- Sex & Drugs
- 24 Nov 16
It wasn’t just the execrable Donald Trump that tens of millions of Americans voted for, with marijuana referenda passed on both coasts.
The ‘Audacity of Dope’ headlines were plentiful on November 8, as America’s marijuana industry proved to be almost as big an election-day winner as Donald Trump.
Courtesy of referenda attached to the Presidential ballot, recreational marijuana is now legal in Massachusetts, Nevada, Maine and California, the sixth largest economy in the world, where Proposition 64 was supported by 56% of voters.
They join Washington D.C., Colorado, Alaska, Oregon and Washington state in allowing anyone over the age of 18 to freely smoke pot.
Saying “yes” to medicinal marijuana were Florida, Arkansas, North Dakota and Maine.
“We are very excited that citizens of California voted to end the failed policy of marijuana prohibition,” reflects Nate Bradley, executive director of the California Cannabis Industry Association. “Proposition 64 will allow California to take its rightful place as the centre of cannabis innovation, research and development.”

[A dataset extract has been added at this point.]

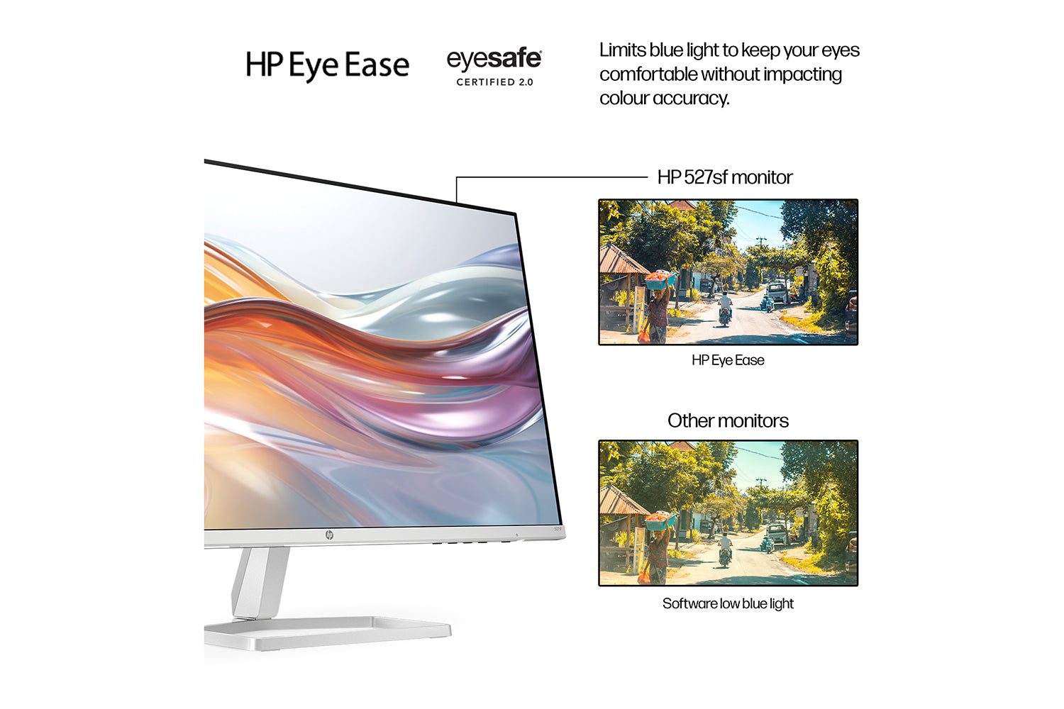 From mastering new skills to diving into a hobby, this 27" FHD monitor is designed to help keep you focused. With a tilt adjust stand and the Ergonomic Setup Guide 4 in HP Display Center you can customize your comfort. Plus, HP Eye Ease with Eyesafe certification limits blue light to keep your eyes comfortable without impacting color accuracy, so you can do more, longer.

Staunch Proposition 64 supporter Snoop Dogg said in the run-up to the referendum: “Go to Amsterdam where it’s legal, and you see that the crime rate is non-existent, the murder rate is probably under 10%, people learn to get along! There are people riding on bicycles being happy and it’s because of the environment that’s provided by the legalisation of marijuana.”
He also defended the Twitter posting of a photo that shows his teenage son, Spank, lighting his giant bong.
“My kids can do whatever the hell they want,” he tells the Hollywood Reporter. “For me to say otherwise would be hypocritical. A lot of motherfuckers don’t have a relationship with their kids, and that’s when they get on drugs and have suicidal thoughts and drive drunk. Me and my son is mellow. I’m his father, so I wanna show him the proper way, because he looks up to me.”
FBI figures show that 643,000 people were arrested for marijuana offences in 2015, with over 12,000 people currently residing in federal prisons having been found guilty of either possession or supply. Due to the vagaries of American law, the referenda are not recognised by the Federal Government, which among other things means that legal marijuana businesses can’t have bank accounts. That could prove to be the least of their worries with the man chosen by Donald Trump to serve as Attorney General, Jeff Sessions, proferring in April that, “Good people don’t smoke marijuana, We need grown-ups in Washington to say marijuana is not the kind of thing that ought to be legalised, it ought not to be minimised, that it is in fact a very real danger.”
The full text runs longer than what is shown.